Furthermore, it was validated by Yu et al. through a chromatin immunoprecipitation assay that SMAD3 can bind to the VDR promoter and the VDR can bind to the SMAD3 promoter. This reciprocal activation between SMAD3 and VDR transcription factors defines the vitamin D-mediated oxidative stress to prevent cerebral ischaemia–reperfusion injury [20]. Also, the VDR/TFGβ/SMAD3 signaling cascade could have an effect on fibrosis and other liver-related events [21]. We found that methylation levels of cg09922639, cg21494626 (SMAD3), and cg13173254 (VDR) are statistically different in the insulin group versus the lifestyle group and the control group. We also found a negative relationship between cg09922639 (SMAD3) and vitamin D levels at the antepartum visit. These differences could be influenced by the DNA methylation due to insulin treatment in the VDR/TFGβ/SMAD3 complex.
Regarding FGF23, it acts in the kidney and suppresses the transcription of the enzyme 1-α-hydroxylase and activates the transcription of 24-hydroxylase via an αKlotho-dependent signaling mechanism involving FGFR1, FGFR3, and FGFR4 [22].
We found differences in DNA methylation at cg03919554 (FGFR3) and cg07039630 (FGFR1) between groups and, in addition, a positive relationship between cg03919554 (FGFR3) and vitamin D levels at the antepartum visit was shown.
The main limitation of our study is the sample size; however, this point is counteracted by conducting a hypothesis-driven investigation based on our previous results. Additionally, we do not have RNA samples to quantify the effect of DNA methylation on gene expression, and consequently on vitamin D levels.

4. Materials and Methods

4.1. Population Study

The participants in this study are part of the project “Effect of gestational diabetes on the epigenome of the mother and the offspring during the first 1000 days. Identification of potential epigenetic biomarkers of risk of T2DM and obesity” (EPIDG). Characteristics of the whole cohort have been published previously [23]. Pregnant women attending the Diabetes and Pregnancy Unit of the Hospital Universitario Virgen de la Victoria, following a positive O’Sullivan test, were eligible for recruitment. National Diabetes Data Group (NDDG) criteria were followed to diagnose GDM [24]. First, a screening test was performed in pregnant women between 24 and 29 weeks of pregnancy, with an oral glucose tolerance test (OGTT) of 50 g, in primary centers. Then, an OGTT of 100 g was performed in those women with a positive screening test (>7.7 mmol/L). Patients were diagnosed with GDM if glucose values were above the threshold at at least two points: fasting >5.8 mmol/L; after 2 h > 9.2 mmol/L; after 3 h > 8.0 mmol/L. Pregnant women with a normal OGTT-100 were considered controls (non-GDM). Informed consent was obtained from all subjects. The study was approved by the Institutional Review Board at the Hospital Universitario Virgen de la Victoria de Málaga, Spain.
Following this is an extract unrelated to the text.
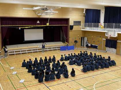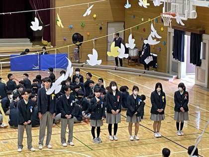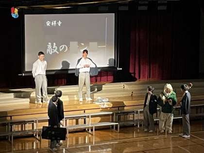 生徒会本部によるオープニングは、映像と寸劇で、3年生へのメッセージと「3年生を送る会を全校生徒全員で盛り上げて素晴らしいものにしよう」という強い思いが伝えられました。

4.2. Samples Extraction, DNA Isolation, and Bisulfite Conversion

Peripheral blood samples were collected at four different time points: T0, during the diagnostic visit (24–29 weeks); T1, at the antepartum visit (37–38 weeks); T2, at the postpartum visit (8–10 weeks postpartum); and at T3 (a year after childbirth). Blood and serum were stored at −80 °C. Clinical, anthropometric, and biochemical variables were collected during each visit.
For DNA methylation measurement, a subgroup of 32 samples was selected, 16 of which where from participants with GDM and 16 of which were from participants who did not have GDM. From the GDM group, 6 required insulin treatment, and 10 received recommendations about lifestyle changes. Samples from the control group were matched by age, gestational age, and pre-pregnant BMI to avoid cofounding factors in the methylation data analysis.
Peripheral blood DNA was isolated from samples at T0 and T1 using the Qiamp DNA Blood Mini Kit (Qiagen, Hilden, Germany) according to the manufacturer’s instructions. Quality and concentration of DNA was measured using a Qubit 3.0 Fluorometer with a Qubit dsDNA HS Assay Kit Fluorometer (Thermo Fisher Scientific, Waltham, MA, USA). A total of 500 ng of genomic DNA was bisulfite-treated with the Epitect Bisulfite Kit (Qiagen, Germany) for posterior DNA methylation analysis.

4.3. DNA Methylation Analysis

An Epigenome-wide association study (EWAS) was previously performed using the Methylation EPIC Bead Chip Kit (Illumina, San Diego, CA, USA) in the 32 patients (16 with GDM and 16 without GDM) at two different times, T0 and T1 [23]. Raw data were processed using R package ChAMP version 2.9.10 [25]. Filtering probes was performed in probes with a detection p-value above 0.01 in one or more samples, probes with a beadcount less than 3 in at least 5% of samples, non-CpG probes, probes with SNPs, probes that align to multiple locations, and probes on the X or Y chromosome. Intra-cell-type normalization was carried out using the beta-mixture quantile Normalization (BMIQ) method. To correct for the differences in methylation resulting from differences in cellular heterogeneity, Houseman correction was used [26]. Beta values were calculated to obtain the methylation levels.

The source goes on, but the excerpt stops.